Monday 25 November 2013

ORGANIZING THE MIND AND HEART

I have been half-hearted about the blog for several reasons but the most relevant here has to do about my mind set when I don't organize.  Organization -- I have been talking about organizing one's space so far -- applies to the mind, too, and to the heart. In both these place everything is all jumbled up together causing a deep confusion (clutter will cause that) if not despair. And the reason why I don't organize these latter spaces is because of some limiting and narrow IDEA I have about what should be happening. For example, I have not been able to get into writing since my return from India, it simply isn't happening. What has been happening is a knowledge and a half-hearted desire (again, because I thought it was second best, not worth doing, etc, why aren't I writing) to organize my files. I have been doing some, unhappily, feeling bad that SOMETHING MORE IMPORTANT (like brilliant ideas, or new compositions for my songs) weren't happening. I have been a junkie of sorts: wanting new ideas daily, new compositions, something new and exciting all the time. First, I had to become okay with this IMPORTANT thing not happening, not thinking it was my fault somehow, not giving myself a hard time about it. Second I had to get into what was happening NOW, and that was: clean your fucking mess up!

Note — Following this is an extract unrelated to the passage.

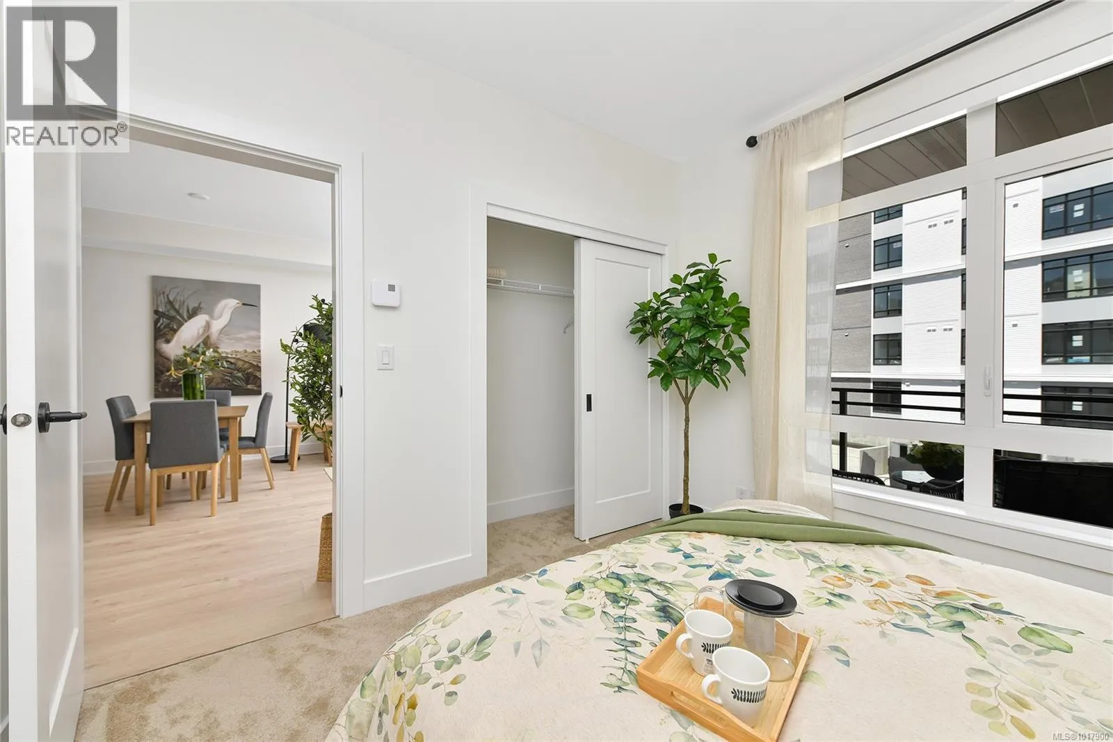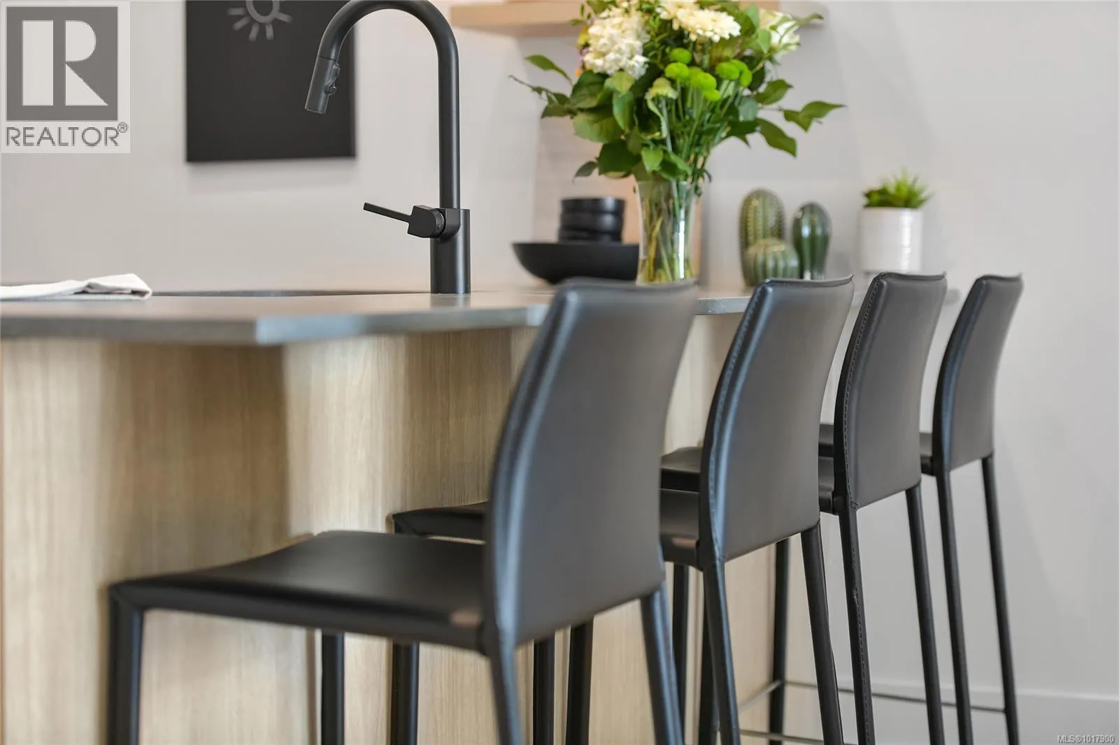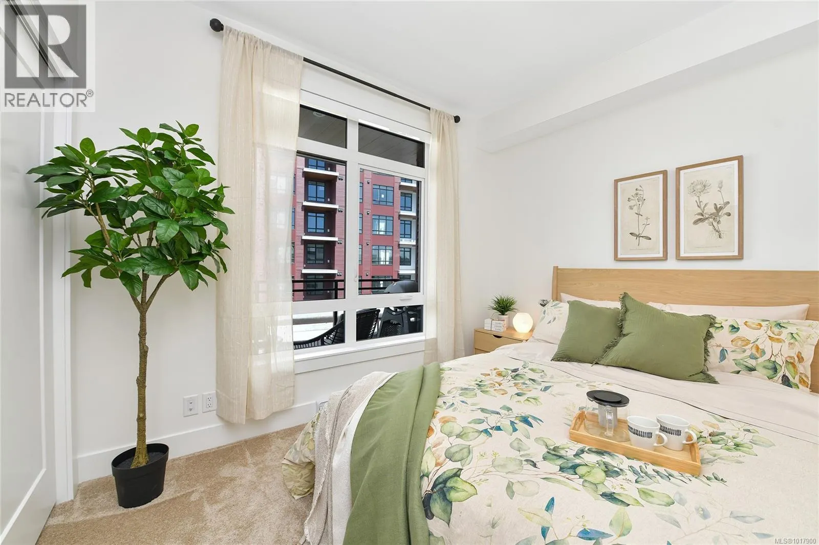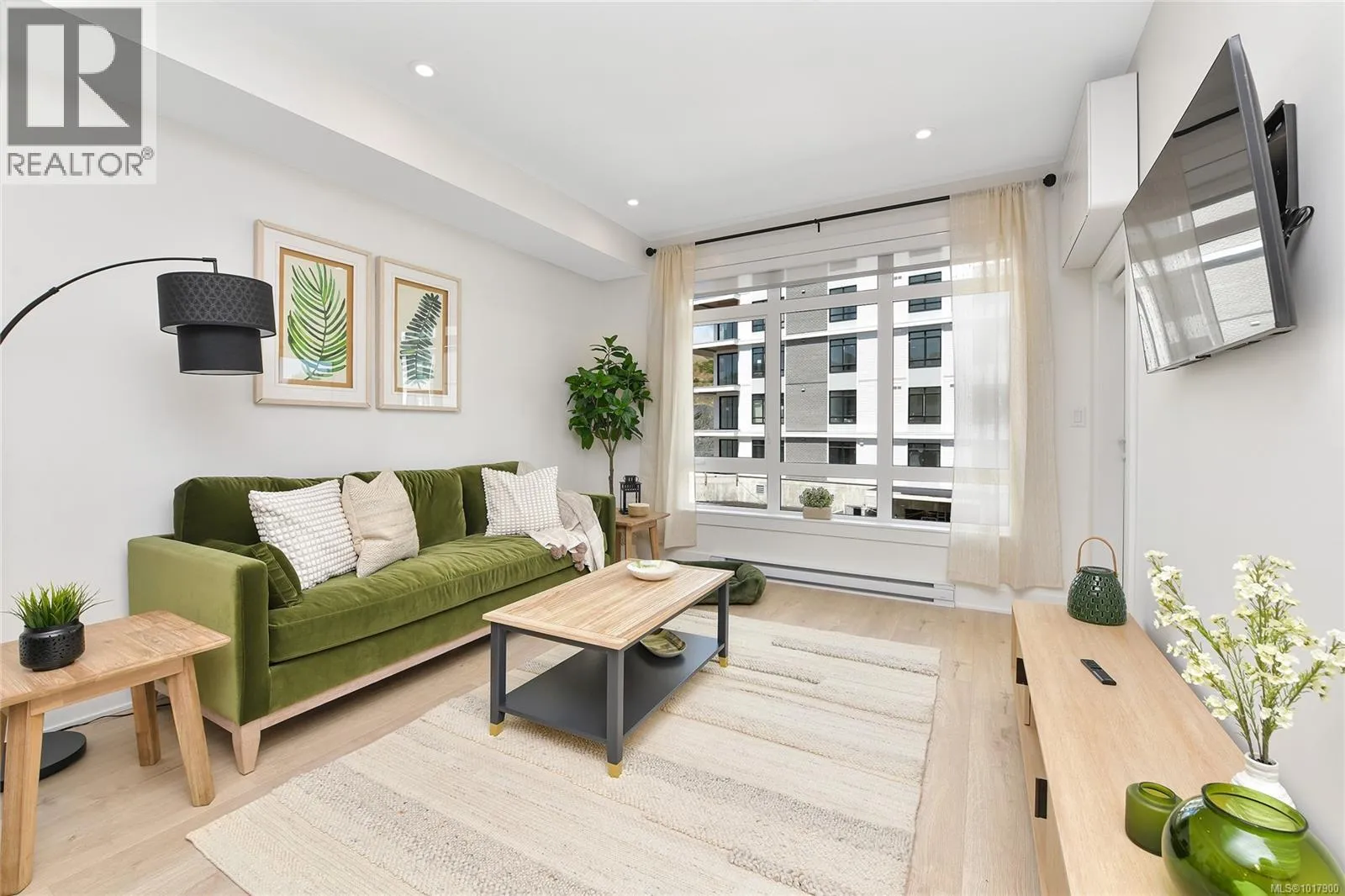 Discover Solaris North, nestled in the vibrant lakeside community of Westhills. This bright and airy one-bedroom + den suite is ideal for entertaining, offering seamless indoor-outdoor living with a private patio overlooking the mountains and valley of Goldstream Parkâa perfect spot to catch breathtaking sunsets. Residents enjoy access to an impressive community courtyard, complete with an outdoor kitchen, two BBQs, dining areas, herb gardens, cozy firepit seating, a putting green, and an outdoor fitness area. Inside, the home features a modern design with quartz countertops, two-tone cabinetry, a kitchen eating bar, stainless steel appliances, and a warm, neutral color scheme that feels inviting and timeless. This pet-friendly building offers thoughtful extras, including a secure parking garage with EV-ready stalls, bike storage, a car wash, and pet wash. Enjoy a lifestyle filled with recreation and natural beauty: take a swim or paddleboard on Langford Lake, hike nearby forested trails, or explore Jordie Lunn Bike Park, Gravity Zone, Mt. Wells, and Parkdale Hill for year-round outdoor adventure. Families will appreciate the walkable access to brand-new elementary, middle, and high schoolsâall part of this master-planned community. And with quick access to Highway #1, commuting or heading out of town for the weekend is a breeze. Don't miss your chance to own at Solaris North. Secure your home with just a $25,000 deposit. Visit our show suites at 205-1110 Samar Crescent, open daily from 12â4 PM. (id:27476)

Take my compositions for example: I have at least 20 that I haven't worked out the rhythm or the fingerings or the interludes, or the beginnings and endings for. All I want to do when I sit down at the synthesizer is sing like a bird soaring to heaven. NOT HAPPENING. YOUR VOICE IS STUCK IN YOUR THROAT BECAUSE YOU AREN'T EVEN CONSCIOUS IT IS STUCK; your wings are weighed down by the oil spill of your messes. I have been sitting on a lot of such half-chewed stuff because I haven't been ready for the hard work and patience and acceptance that cleaning up entails. I have been more interested in writing than doing something about it, and then moaning that nothing was happening with it.

Recognizing how fucked up one is, is Grace (though the conscious choice of being okay with what is, accepting it, moving with it, even being grateful for it, prepares the ground for it). Chopping wood and carrying water applies to this as well as to all else. Gird your loins, go to it, and pick up your goddamn loads!